Exercise details: Report every line of the records beneath this task that holds the string "have".
═════ Given records ═════
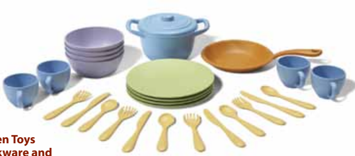
Green Toys cookware and dining set
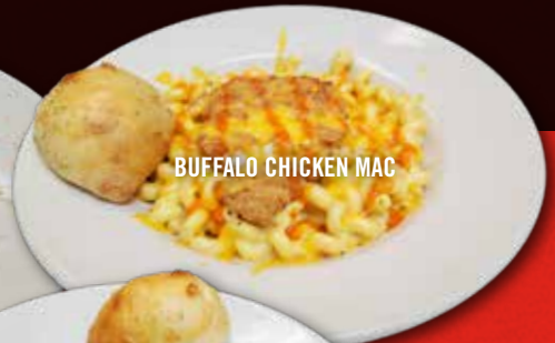
BUFFALO CHICKEN MAC
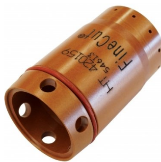
P858 Hypertherm FineCut Only Swirl Ring
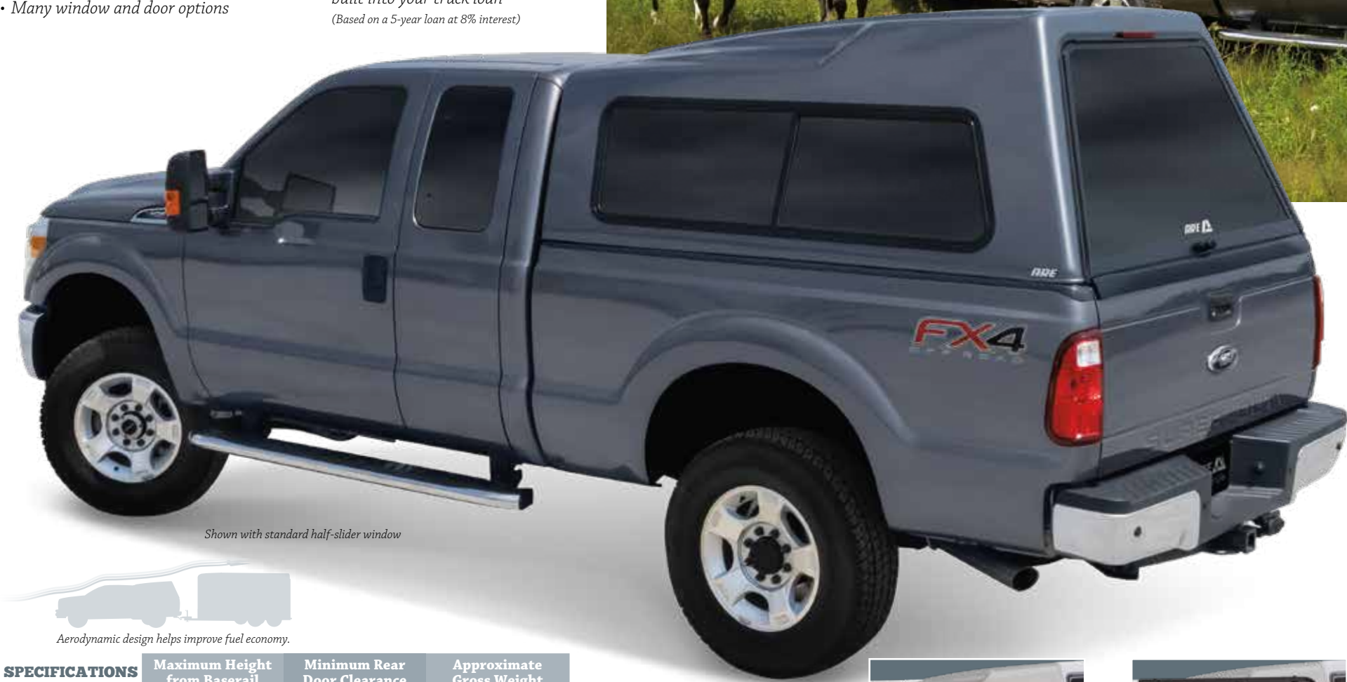
Shown with standard half-slider window.
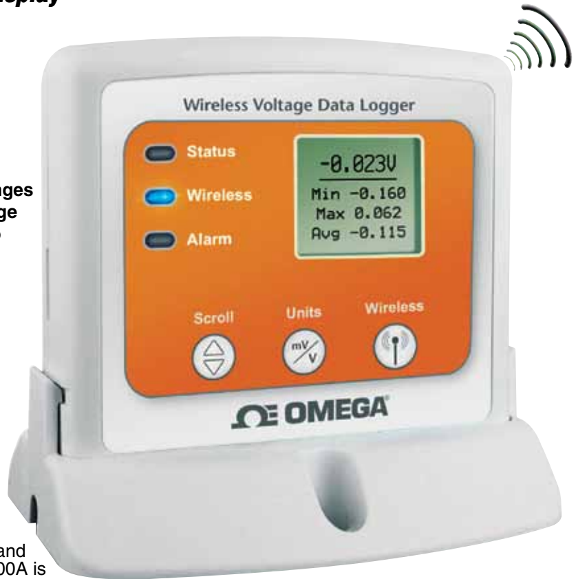
OM-CP-RFVOLT2000A shown smaller than actual size.

The OM-CP-RFVOLT2000A can be used as a standalone data logger, or used with the OM-CP-RFC1000-EXT wireless transceiver, to transmit data back to a central PC. The OM-CP-RFVOLT2000A transmits up to 152 m (500') line of sight to the OM-CP-RFC1000-EXT transceiver. Multiple OM-CP-RFC1000-EXT's can be used as repeaters and transmit up to 305 m (1000') line of sight to other OM-CP-RFC1000-EXT's. This allows the data to be sent over a greater distance.
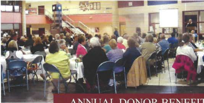
ANNUAL DONOR BENEFIT DINNER A SUCCESS!

Non-profit Permit No. 625 Maynardville TN 37807
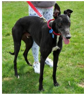
AMF Last Word (Brat) is a 4 yr old black male Fostered by: Sandi Shalhoub
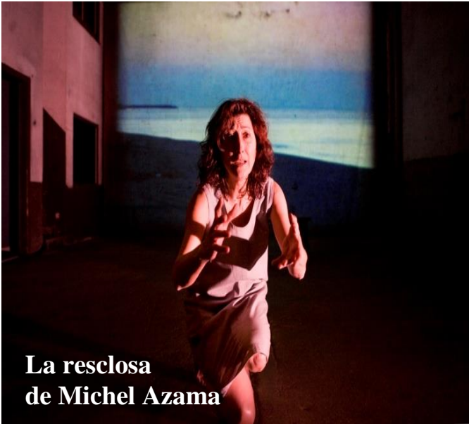
La resclosa de Michel Azama
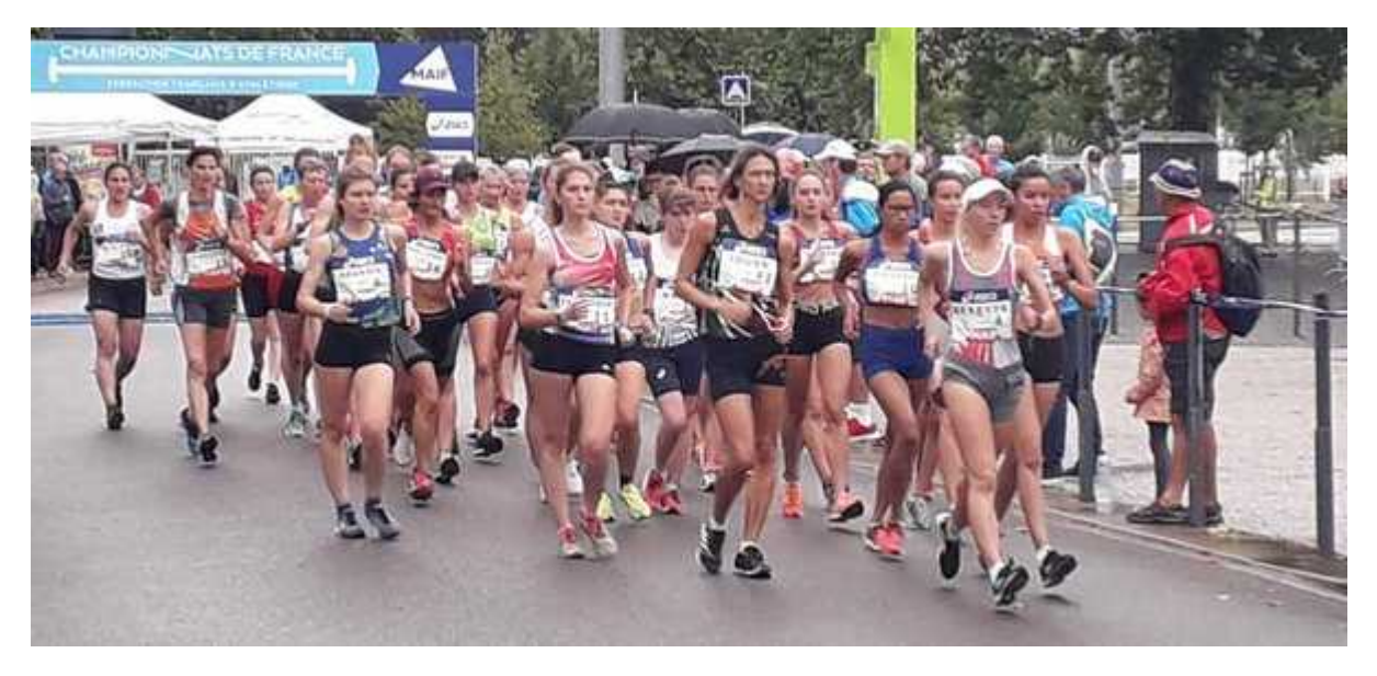
Start of the women's championship racewalk
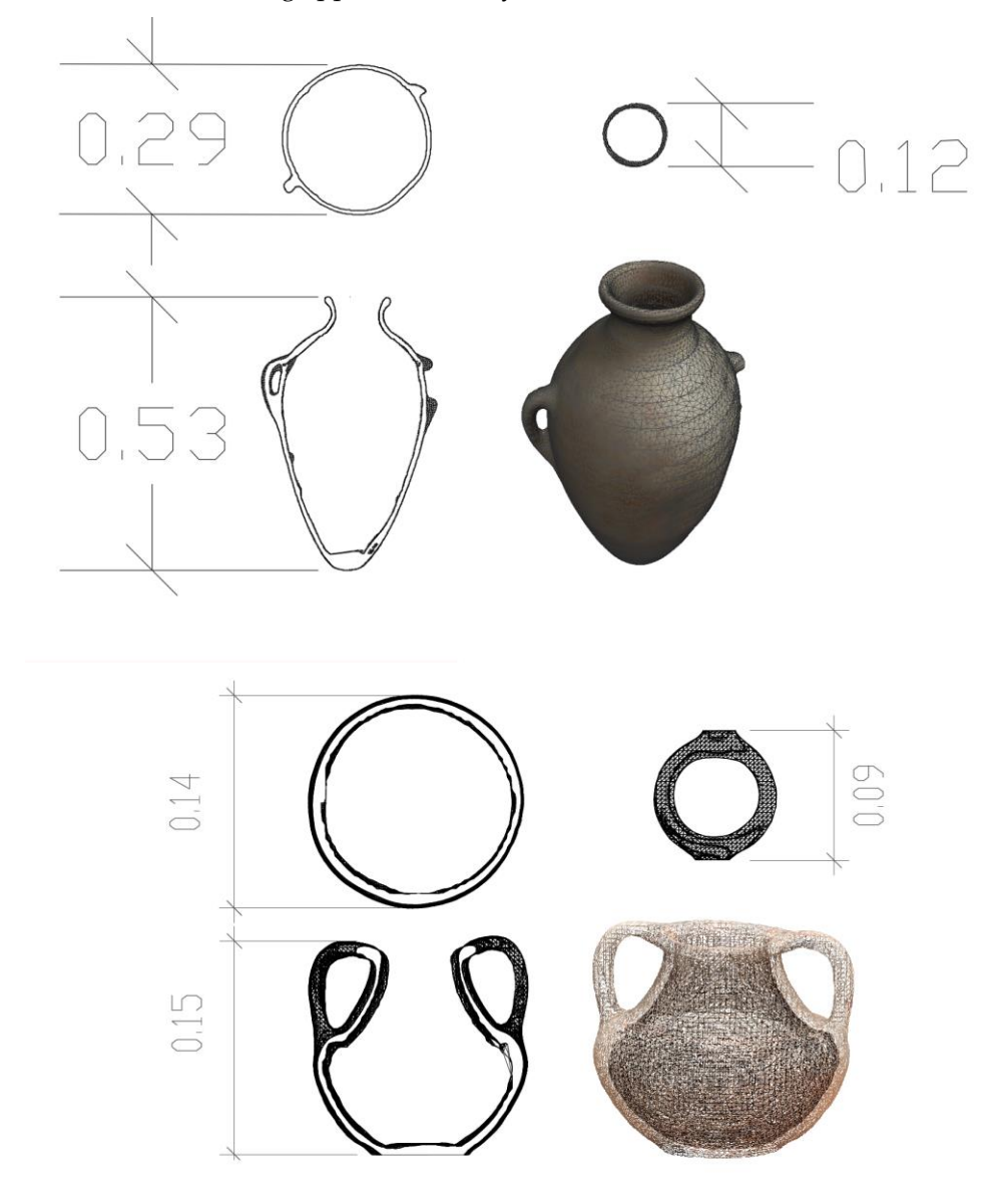
Figure 2. An example of two vases with different dimensions modelled with the Structure Sensor. The most important archaeological quantities are measured (the measurements are expressed in m).

the Scanner app of Occipital tends to smoothen the texture details so that the texture details of model are lost.
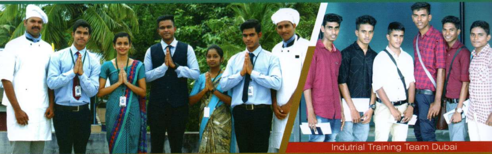
Industrial Training Team Dubai
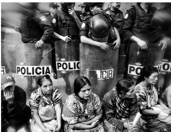
Countless children have been deprived of parental support as a result of incarceration for drug offences

Children of incarcerated parents are at greater risk of suffering from depression and becoming aggressive or withdrawn, 40 and boys with incarcerated fathers have substantially worse social and other non-cognitive skills at school entry 41
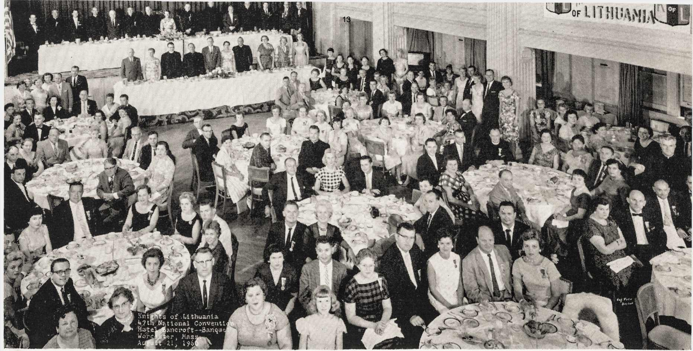
Knights of Lithuania 47th National Convention Hotel Bancroft - Banquet Worcester, Mass. August 21, 1960
═════
Task answer:
Countless children have been deprived of parental support as a result of incarceration for drug offences
Children of incarcerated parents are at greater risk of suffering from depression and becoming aggressive or withdrawn, 40 and boys with incarcerated fathers have substantially worse social and other non-cognitive skills at school entry 41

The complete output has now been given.